Sila Biosphere Reserve is the only 'hotspot' area in Southern Europe (Apennines and Apuan Alps). The primary important natural habitats include: the Sub-Mediterranean pine forests with endemic black pines and those in the Deciduous Mediterranean Forests which feature: the Apennine beech forests with Abies alba, beech forests with Abies nebrodensis and the Apennine beech forests with Taxus and Ilex. In the Sila, these South-Apennine forest species cover the greatest area and have an excellent conservation status.
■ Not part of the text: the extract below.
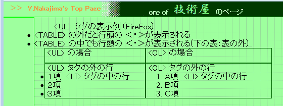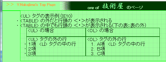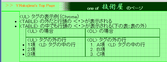 StyleNoteの内蔵ブラウザエンジンは PCにインストールされている IEらしいが、細部で IE(私の環境では Ver.10)とも、Chromeなどとも違っている。気づいたのは <UL> タグの中の <LI> タグの行頭の<・>が TABLE内では表示されなくなってしまうこと。margine-left: 1em 等とすれば表内に入るので表示される。 ![]() StyleNoteの内蔵ブラウザ ・TABLE中の<LI> タグの行頭の<・>が表示されない。 ・(主原因は <!Doctype> のHTMLバージョン宣言部と スタイルシートのミスマッチの場合だが)<div> で上部に固定表示されるように設定した要素(右図の濃緑色部分)が画面下部に表示されてしまう。 下の IE等との違いを参照 InternetExplorer 10PC にインストールされている Internet Explorer の表示: TABLE中の<LI> タグの行頭の<・>は表の外に表示されている ChromeTABLE中の<LI> タグの行頭の<・>は表の外に表示されている FireFoxTABLE中の<LI> タグの行頭の<・>は表の外に表示されている おそらく、内蔵ブラウザでは表の外にはみ出した部分は表示しないようにしているんだろう。 もうひとつ、表のセル幅や 縦位置の表示が一致しない。(★★★) 同一ソースで Chrome (IEも同じ) と比べたのが下図だが、2列の表の右列に更に表を入れ子して、親の表の列に幅を固定値で設定し、子の表は 幅を 100%で指定しているが、何故か親の列幅指定が効かない。どんな値が解釈されているのか全く不明。更に左列に挿入した画像が topではなくて bottom に表示されてしまっている。原因は スタイルシートで table 等に vertical-align: baseline; を設定しているためらしく、HTML側で td要素に valign: top; と指定しても無視されているようだ。 StyleNote 内蔵ブラウザ Chromefigure タグの表示レイアウト(★★★) ![]() 最近気づいたところでは、<figure class="" id="floatright"> <img src="" alt=""> <figcaption class="centertext">画像タイトル</figcaption></figure>( ・・・説明テキスト)のような記述をしても、IE他ではきちんと 画像は右側に、キャプションは画像の下に、説明テキストはその左側に回り込んで表示されるが、StyleNoteの内蔵ブラウザは 左端から順に画像・キャプション・説明テキストの順になってしまい、文字が画像の横に回り込まない。 ![]() <img> タグの中では 同じ id="floatright" の指定を行えば、画像の左側に文字列が回り込む。現時点で気づいているのは <figure> タグの中でフロートを使用した時だけ。 その他、(主原因は <!Docutype> のHTMLバージョン宣言部と スタイルシートのミスマッチの場合なので取り上げるのもはばかられるが、<DIV>で指定した Headerセクションの表示位置が、IE/Chrome/FireFox などはミスマッチにかかわらずページ上部に表示されるのに、内蔵ブラウザでは要素の下部に表示されている(このセルの一番上の図の<one of 技術屋>という部分) strictな解釈と言う意味では StyleNoteが正しいのか?? このように 何点か外部ブラウザと 属性などの解釈の違いがあるようで、レイアウトが正しく表示されないケースが散見される。したがって現時点ではかなり高頻度で外部ブラウザによるチェックが欠かせない。(要は私自身が HTMLタグの細部に自信がないと言うことの裏返しだけど) HTML Project2の時は、IEに限定すれば互換表示されていたので、これほど神経質になることは無かった。 プレビュー画面がリアルタイムに表示されると言う特徴があるだけに、その長所が生きないということで この点は非常に惜しい。 |

Other major habitats and land cover types include: coniferous

forests of the Mediterranean and Macaronesian mountains, herbaceous and alpine shrub vegetation, Mediterranean oak forests and hygrophilous arboreal vegetation.

Socio-Economic Characteristics

© UNESCO
Sila (Italy)

The Sila landscape has experienced interactions between humans and nature for over a thousand years and despite this, has always maintained harmony between human activities (mainly agricultural, animal breeding and forestry), the special physical and natural environment, and the urban settlements that have been amicably built up within its natural context. The population living in the 71 Municipalities within the biosphere reserve is about 386,000, 6,500 of which reside in the buffer zone.

Agriculture has been the historical and long-term traditional activity in  Sila (cultivation of the 'Sila potato' and common wheat). Wood supply chain and sustainable tourism are areas on expansion.
Animal husbandry is another major agricultural activity in the Sila with the most common phenomenon being the transhumance of cattle; the seasonal migration of animals from the hills and mountains to the coastal plains and vice versa.
The Calabria Region is the fourth in Italy for its number of protected products with 36 protected denominations falling mainly under the wine and charcuterie sectors.

The Sila National Park is visited each year by hundreds of tourists, the majority being schools from central and southern regions interested in the environmental education, nature and forestry activities these environments offer. Natured tourism has henceforth become the base of the local economy with over 500,000 yearly visitors.